Activity
Repeat the listing below in full and exactly, but without its pictures.

Provided entries
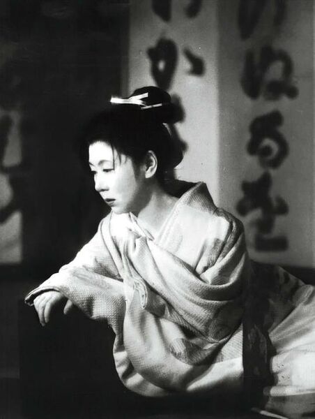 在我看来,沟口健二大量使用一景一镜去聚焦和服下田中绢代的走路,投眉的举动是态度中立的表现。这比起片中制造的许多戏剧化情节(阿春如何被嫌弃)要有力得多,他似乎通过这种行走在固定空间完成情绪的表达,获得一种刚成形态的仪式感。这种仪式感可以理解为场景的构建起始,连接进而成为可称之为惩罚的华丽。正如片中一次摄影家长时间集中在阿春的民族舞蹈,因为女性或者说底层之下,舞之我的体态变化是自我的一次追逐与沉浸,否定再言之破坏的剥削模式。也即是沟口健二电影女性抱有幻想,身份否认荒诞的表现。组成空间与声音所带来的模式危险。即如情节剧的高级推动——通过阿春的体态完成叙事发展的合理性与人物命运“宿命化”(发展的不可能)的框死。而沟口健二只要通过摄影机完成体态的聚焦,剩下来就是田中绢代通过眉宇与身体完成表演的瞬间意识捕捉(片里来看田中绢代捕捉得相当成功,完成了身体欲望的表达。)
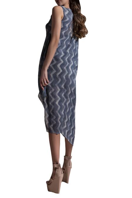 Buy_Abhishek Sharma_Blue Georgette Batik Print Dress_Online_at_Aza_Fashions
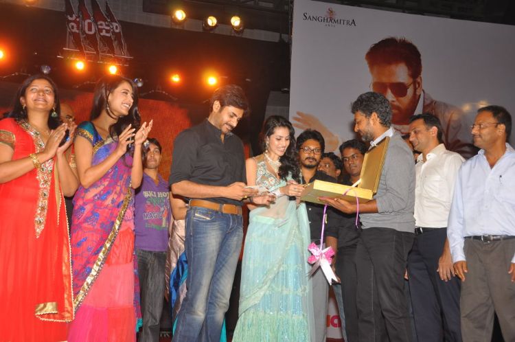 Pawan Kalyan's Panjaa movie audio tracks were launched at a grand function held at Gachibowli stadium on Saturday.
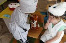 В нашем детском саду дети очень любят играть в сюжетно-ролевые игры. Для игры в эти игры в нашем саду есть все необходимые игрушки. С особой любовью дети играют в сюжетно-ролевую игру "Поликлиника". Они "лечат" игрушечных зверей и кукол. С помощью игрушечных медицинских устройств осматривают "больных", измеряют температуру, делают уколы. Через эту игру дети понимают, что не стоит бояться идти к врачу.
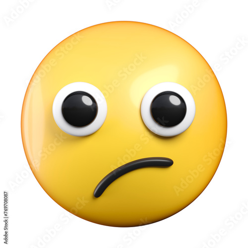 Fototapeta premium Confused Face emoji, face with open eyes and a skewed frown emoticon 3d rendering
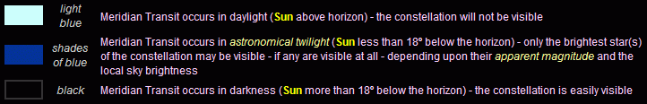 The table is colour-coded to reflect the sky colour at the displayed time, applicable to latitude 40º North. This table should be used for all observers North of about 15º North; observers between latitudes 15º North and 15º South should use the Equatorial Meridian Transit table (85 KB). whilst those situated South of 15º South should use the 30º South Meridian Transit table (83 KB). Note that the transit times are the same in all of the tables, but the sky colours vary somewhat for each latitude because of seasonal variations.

Written answer
 在我看来,沟口健二大量使用一景一镜去聚焦和服下田中绢代的走路,投眉的举动是态度中立的表现。这比起片中制造的许多戏剧化情节(阿春如何被嫌弃)要有力得多,他似乎通过这种行走在固定空间完成情绪的表达,获得一种刚成形态的仪式感。这种仪式感可以理解为场景的构建起始,连接进而成为可称之为惩罚的华丽。正如片中一次摄影家长时间集中在阿春的民族舞蹈,因为女性或者说底层之下,舞之我的体态变化是自我的一次追逐与沉浸,否定再言之破坏的剥削模式。也即是沟口健二电影女性抱有幻想,身份否认荒诞的表现。组成空间与声音所带来的模式危险。即如情节剧的高级推动——通过阿春的体态完成叙事发展的合理性与人物命运“宿命化”(发展的不可能)的框死。而沟口健二只要通过摄影机完成体态的聚焦,剩下来就是田中绢代通过眉宇与身体完成表演的瞬间意识捕捉(片里来看田中绢代捕捉得相当成功,完成了身体欲望的表达。)
 Buy_Abhishek Sharma_Blue Georgette Batik Print Dress_Online_at_Aza_Fashions
 Pawan Kalyan's Panjaa movie audio tracks were launched at a grand function held at Gachibowli stadium on Saturday.
 В нашем детском саду дети очень любят играть в сюжетно-ролевые игры. Для игры в эти игры в нашем саду есть все необходимые игрушки. С особой любовью дети играют в сюжетно-ролевую игру "Поликлиника". Они "лечат" игрушечных зверей и кукол. С помощью игрушечных медицинских устройств осматривают "больных", измеряют температуру, делают уколы. Через эту игру дети понимают, что не стоит бояться идти к врачу.
 Fototapeta premium Confused Face emoji, face with open eyes and a skewed frown emoticon 3d rendering
 The table is colour-coded to reflect the sky colour at the displayed time, applicable to latitude 40º North. This table should be used for all observers North of about 15º North; observers between latitudes 15º North and 15º South should use the Equatorial Meridian Transit table (85 KB). whilst those situated South of 15º South should use the 30º South Meridian Transit table (83 KB). Note that the transit times are the same in all of the tables, but the sky colours vary somewhat for each latitude because of seasonal variations.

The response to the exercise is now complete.